Basically how I remember it but mostly from discussions on “clean” distortion from a stack of tubes as opposed to transistor Grunge pedals etc. But my point is, more isn’t necessarily better, probably not better above the first few and as I said, which ones become prominent is a factor more than just how many you have mixed in there.
And no, it doesn’t describe at all the “quality” of the chanter’s tone to compare waveform analysis unless you have a bank of given “master” chanter waveforms from which to declare a “good” chart as opposed to a “bad” chart at least–and of course the whole continuum of tonal qualities in both those ranges that are entirely a matter of taste.
Yup. Bass-ackwards. I had to drag out the books and, looking at the dates on them, realized its been 30 years since I studied this stuff. Where’d the time go?
the bottom line is It’s all in the reed…you can tell a lot from its crow ..“thats from an old oboe player”. Heinz Holliger did a great deal of research in double reed annalysis which may be worth looking for if anybody is interested. He did the whole osciloscope thing and had the resources to persue this. He approached it scientifically and methodically. I know its all in the reed. The instrument will colour this information but "it has to be in the reed " to come out the end of the chanter. Perhaps a good test would be to take your chanter and rig up a trumpet mouthpiece to it . Now blow into it and measure the sound on the oscilloscope. Now do the same to the next chanter. Measure again. Now the only question is “My lips or yours”

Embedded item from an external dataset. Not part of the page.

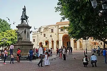 Parque Colon, or Columbus Park, is the central square of the Ciudad Colonial historic district of Santo Domingo, Dominican Republic. In its Center stands a statue of Christopher Columbus, in whose honor the square was renamed in 1887. Previously the square was known as Plaza Mayor.

This is like trying to describe how to scrape the perfect reed.
My 2 cents
You sound as bad as me djm, I still have college text books dating back about 25 years. My wife and I were just going through boxes this past week, pulling out old physics, chemistry, and calculus texts to get rid out. My wife is even worse about keeping that stuff than I am. And I never get the notion to go peruse those books for any enjoyable reading. I did like physics though.
Douglas, I never finished high school. I read up on that stuff because I wanted to understand synthesizers (of which I still have a few that still work!). Being self taught coupled with the rapid degeneration of my few remaining brain cells leaves lots of room for compilation errors. :roll:
I have a synthesizer, an Akai AX80. It was pretty good for the time and still works great. I do remember reading about sine waves at that time too. In fact when this post came up I thought about checking those books out to try to decipher this.
P.S. college is all about destroying brain cells. My brain worked far better before college. You probably were wise to avoid it.
Here is a quote from the Physics of Woodwinds in Sci. Am 1960 - Arthur Benade:
“… not only do the side holes cut off the bore at a convenient spot for getting a scale; they also play a large role in setting the tone quality of the sound within the instrument. And when they are open, they influence the way in which this sound is ultimately radiated into the air for the listener to hear. A length of plastic tubing played with a clarinet mouthpiece gives a dull, plumbing kind of sound that few people can identify. When this same pipe is provided with a row of closed side-holes followed below by four or five open ones, the tone changes strikingly into the woody voice of a clarinet”
Benade elaborates (extensively) on this in Journal of the Acoustical society of America (1960) in an article titled “On the Mathematical Theory of Woodwind finger Holes”.
There’s also a fair bit on this in Fundamentals.
In a somewhat related article in the same journal the year before, “On Woodwind Instrument Bores”, Benade makes this interesting assertion: “On theoretical grounds at least, it would appear that an instrument less sensitive to wall material could hardly be found.” Benade is refering to woodwinds.